On Mon, 01 May 2017 02:07:56 +0900, FUJIWARA Katsunori wrote:
> At Sun, 30 Apr 2017 22:13:57 +0900,
> Yuya Nishihara wrote:
> > On Sat, 29 Apr 2017 17:38:10 +0900, FUJIWARA Katsunori wrote:
> > > # HG changeset patch
> > > # User FUJIWARA Katsunori <foozy@lares.dti.ne.jp>
> > > # Date 1493454424 -32400
> > > #      Sat Apr 29 17:27:04 2017 +0900
> > > # Branch stable
> > > # Node ID 650d9f6bf1e7c1f6dee9d82616af2a56aaf56a2e
> > > # Parent  b64713f57a22301b6f481cd8e401542f46356c94
> > > lock: show about possibility of lock corruption for empty locker
> > 
> > The change looks good to me.
> > 
> > > --- a/mercurial/lock.py
> > > +++ b/mercurial/lock.py
> > > @@ -161,7 +161,8 @@ class lock(object):
> > >          for new-style locks.
> > >          """
> > >          try:
> > > -            return self.vfs.readlock(self.f)
> > > +            # normalize white space by strip() to detect corruption easily
> > > +            return self.vfs.readlock(self.f).strip()
> > 
> > I'm not sure if stripping whitespace makes sense. Do we write '\n' to a
> > lockfile on Windows?
> 
> I apply strip() on locker, because we can't assume that corrupted file
> always causes empty string. It might consist of white space, and
> showing such string as locker is meaningless for users.

That's the problem in ui layer.

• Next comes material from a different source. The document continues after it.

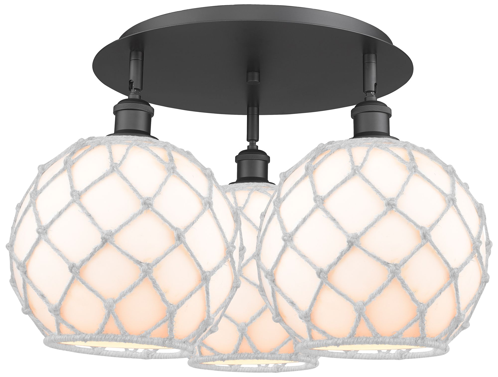 Ballston Farmhouse Rope 22"W 3 Light Black Flush Mount w/ White Shade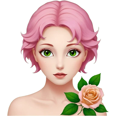 Petit sapin vert sylvestre, féminin, regard malicieux, tâches de rousseurs délicates, joues roses. Yeux de biche brillants en forme amande, yeux couleur ambre, tronc couleur acajou. Sapin en mouvement, incurvé pour un effet vivant. emoji

Maybe we can show the locker with quotes?

  lock held by '%s'

> > I would simply say "lock held by (unknown)" since I don't think a corrupted
> > lock file is more likely to be empty.
> 
> Are you OK for a hint message itself like below for an empty lock
> file, because an empty lock file is more likely to be corrupted,
> especially after timeout ?
> 
>   abort: loock held by unknown
>   (it might be corrupted, use 'hg debuglocks' to check/unlock)

Yeah, showing a hint seems reasonable.